How to avoid deadlocks

You have two threads updating a shared database. Thread A holds a lock on the user table and waits for the order table. Thread B holds the order table and waits for the user table. Neither moves. The program freezes. This is a deadlock. It's the silent killer of concurrent code. Rust won't stop you from writing deadlocks at compile time, but it gives you tools to make them rare and easy to spot. Deadlocks are logic bugs, not syntax errors. The compiler trusts you to keep the threads honest.

The hallway standoff

A deadlock happens when two or more threads are each waiting for a resource the other holds. Imagine two people trying to enter two different rooms. Alice holds the key to Room 1 and needs the key to Room 2. Bob holds the key to Room 2 and needs the key to Room 1. They both stand in the hallway, clutching their keys, waiting for the other to move. Neither can proceed. The system is stuck forever.

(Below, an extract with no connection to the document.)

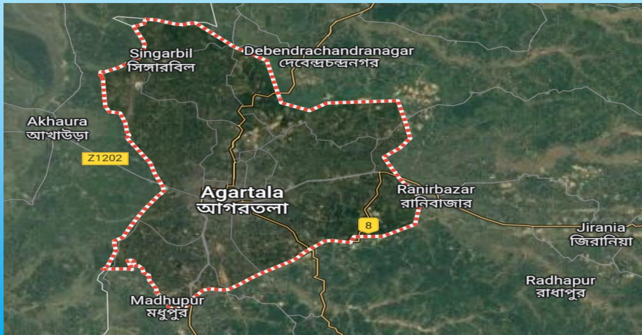
Google Map Route of Agartala, Tripura

(For Incoming Students, Parents & Visitors of NLU Tripura)

In Rust, resources are usually locks like Mutex. If Thread A locks Mutex A then tries to lock Mutex B, while Thread B locks Mutex B then tries to lock Mutex A, you get the hallway standoff. The threads are alive, but they are blocked waiting for locks that will never be released. Deadlocks are race conditions in the order of operations. They only happen when the timing lines up just wrong.

Minimal deadlock example

This code creates a deadlock by reversing the lock order in two threads. The sleep calls force the overlap so the deadlock happens reliably, but the bug exists even without them.

use std::sync::Mutex;
use std::thread;

fn main() {
    let lock_a = Mutex::new(0);
    let lock_b = Mutex::new(0);

    // Thread 1: Grabs A, then B
    let handle1 = thread::spawn(move || {
        let mut a = lock_a.lock().unwrap(); // Acquire A
        thread::sleep(std::time::Duration::from_millis(10)); // Force context switch
        let mut b = lock_b.lock().unwrap(); // Wait for B (held by Thread 2)
        *b += 1;
    });

    // Thread 2: Grabs B, then A
    let handle2 = thread::spawn(move || {
        let mut b = lock_b.lock().unwrap(); // Acquire B
        thread::sleep(std::time::Duration::from_millis(10)); // Force context switch
        let mut a = lock_a.lock().unwrap(); // Wait for A (held by Thread 1)
        *a += 1;
    });

    handle1.join().unwrap();
    handle2.join().unwrap();
}

Run this code and it hangs. The OS scheduler gives Thread 1 the CPU first. It grabs lock_a. Then Thread 2 runs and grabs lock_b. Now Thread 1 tries lock_b and blocks. Thread 2 tries lock_a and blocks. Both are sleeping, waiting for the other to wake up and release a lock. They never will. The join calls in main also block. The program sits there until you kill it. This code hangs. The sleep forces the overlap, but without it, the race condition still exists. It just happens less often.

Walkthrough: why the compiler stays silent

The compiler rejects this with no error. It sees valid lock acquisitions. lock_a.lock() returns a MutexGuard. lock_b.lock() returns a MutexGuard. The types are correct. The borrows are valid. Rust's type system tracks ownership and borrowing within a single thread's control flow. It does not track the runtime order of lock acquisitions across multiple threads. The compiler cannot prove that Thread 1 and Thread 2 will never acquire locks in opposite orders. You have to manage the order yourself. The compiler sees valid lock acquisitions. It doesn't track runtime order across threads. You own the ordering invariant.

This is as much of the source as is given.